Шрифт:
Интервал:
Закладка:
"Вооружившись данными, таким образом собранными, руководители делали нужные приготовления для их распространения; но они не утверждали смело, что добытое ими мнение именно составляет общественное мнение страны. Метода их заключалась в следующем: они заставляли рассуждать ловких публицистов в пользу мнения, которое, как они думали, нация уже и без того готовилась принять; и если предположить, что полученные ими сведения были верны, то доказательства их, конечно, должны были выслушиваться весьма охотно. Те, которые уже составили себе мнение, видели его установленным и доказанным с гораздо большим искусством, нежели они сами могли бы это сделать; те же, которые еще не успели себе составить этого мнения, весьма сильно к тому побуждались, видя путь, избранный компанией, которая (как всем было известно) употребляла все старания, дабы следить за изменениями духа общества".

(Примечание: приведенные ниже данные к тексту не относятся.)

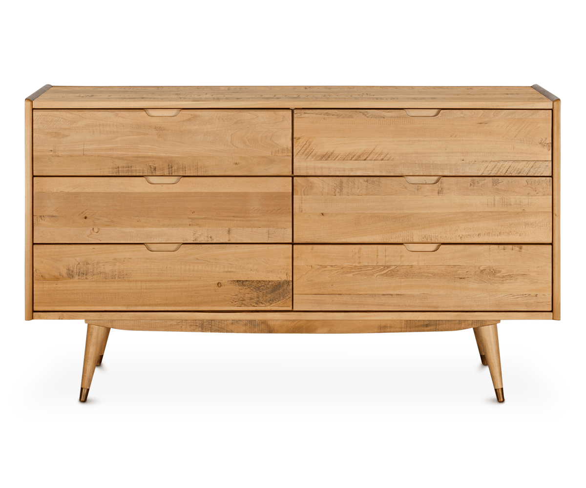 The epitome of Scandinavian design, the Bolig double dresser provides you with ample storage for your wardrobe with six large drawers that feature uniquely carved drawer pulls. This dresser is crafted from solid American poplar with a distressed finish and features gently angled, tapered legs with brass capped feet. The rustic reclaimed look of this collection is achieved through an intentional distressing technique that applies burn and saw marks to the surface while retaining and highlighting natural characteristics in the wood. This technique results in a reclaimed driftwood appearance, which adds personality and a one-of-a-kind uniqueness to each piece.
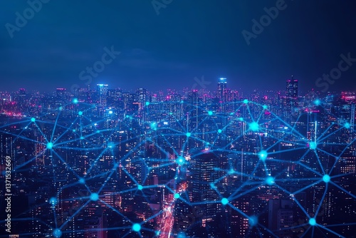 © tammarat, Fototapeta premium Smart city dot point connect with gradient grid line, connection technology metaverse concept Night city banner with big data

"Отчет, который газета давала в мнении, составляемом себе публикою, был столь тесно смешан с доказательствами в пользу этого самого мнения, что тот, кто заглядывал в газету собственно для того, чтобы узнать, как думают другие, поражался при чтении силой доказательств; с другой же стороны, тот, кто воображал, что руководствуется силою логических доказательств, в сущности, только повиновался путеводителю, который сообщил ему, что общество уже пришло к соглашению, заставляя и его идти вместе с толпою. Подобно тому, как произнесение пророчества иногда составляет главный шаг к его выполнению, так и молва, утверждающая, что масса приняла известное мнение, часто производит то совпадение мыслей, которое было преждевременно объявлено уже существующим. Из действия этого двоякого процесса проистекало, конечно, что мнение английской публики было вообще в согласии с тем, что писала компания; и чем более смотрели на газету как на истинное выражение народного духа, тем обширнейшую публичность получала она..."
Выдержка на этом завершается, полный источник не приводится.